## Your assignment:
Would you reproduce the whole listing exactly, minus its images?

## Supplied material:
=-=-=-=-=
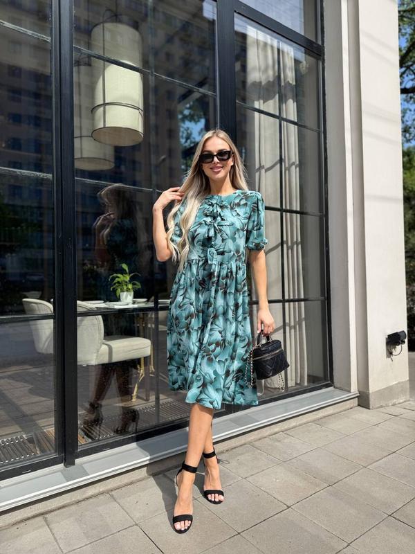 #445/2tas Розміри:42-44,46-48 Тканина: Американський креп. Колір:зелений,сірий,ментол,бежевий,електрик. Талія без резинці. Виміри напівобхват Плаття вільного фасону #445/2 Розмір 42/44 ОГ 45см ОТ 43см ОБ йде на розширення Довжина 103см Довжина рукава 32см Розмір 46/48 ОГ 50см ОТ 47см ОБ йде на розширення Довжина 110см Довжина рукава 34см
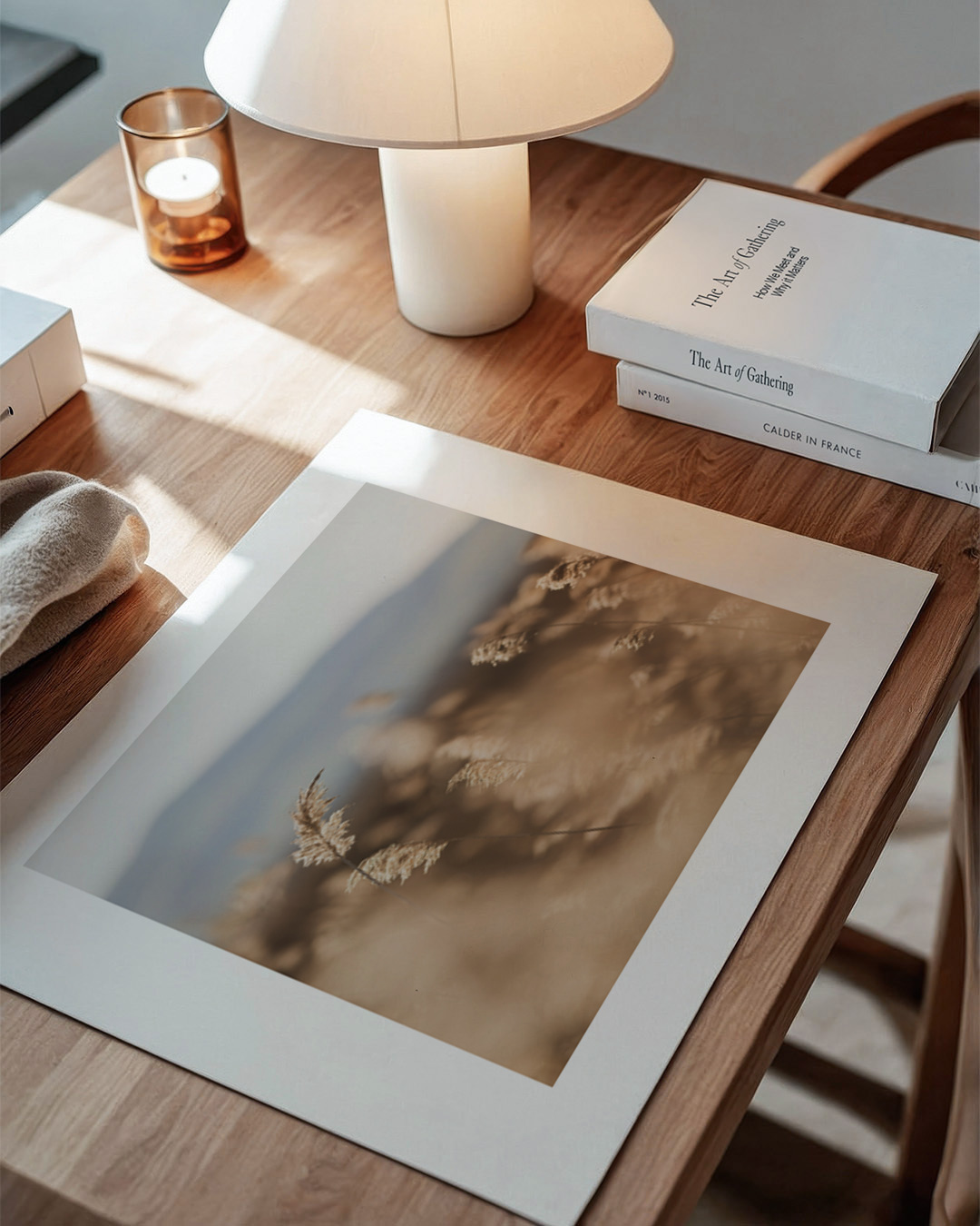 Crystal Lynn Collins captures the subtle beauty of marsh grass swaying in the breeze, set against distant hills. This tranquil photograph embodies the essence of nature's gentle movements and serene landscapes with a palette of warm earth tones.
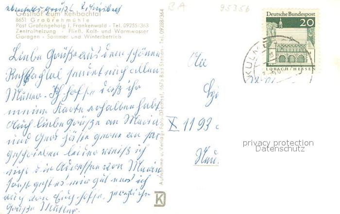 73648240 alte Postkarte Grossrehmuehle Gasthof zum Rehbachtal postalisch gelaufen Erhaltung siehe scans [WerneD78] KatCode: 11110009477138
=-=-=-=-=
## Output of the exercise:
 #445/2tas Розміри:42-44,46-48 Тканина: Американський креп. Колір:зелений,сірий,ментол,бежевий,електрик. Талія без резинці. Виміри напівобхват Плаття вільного фасону #445/2 Розмір 42/44 ОГ 45см ОТ 43см ОБ йде на розширення Довжина 103см Довжина рукава 32см Розмір 46/48 ОГ 50см ОТ 47см ОБ йде на розширення Довжина 110см Довжина рукава 34см
 Crystal Lynn Collins captures the subtle beauty of marsh grass swaying in the breeze, set against distant hills. This tranquil photograph embodies the essence of nature's gentle movements and serene landscapes with a palette of warm earth tones.
 73648240 alte Postkarte Grossrehmuehle Gasthof zum Rehbachtal postalisch gelaufen Erhaltung siehe scans [WerneD78] KatCode: 11110009477138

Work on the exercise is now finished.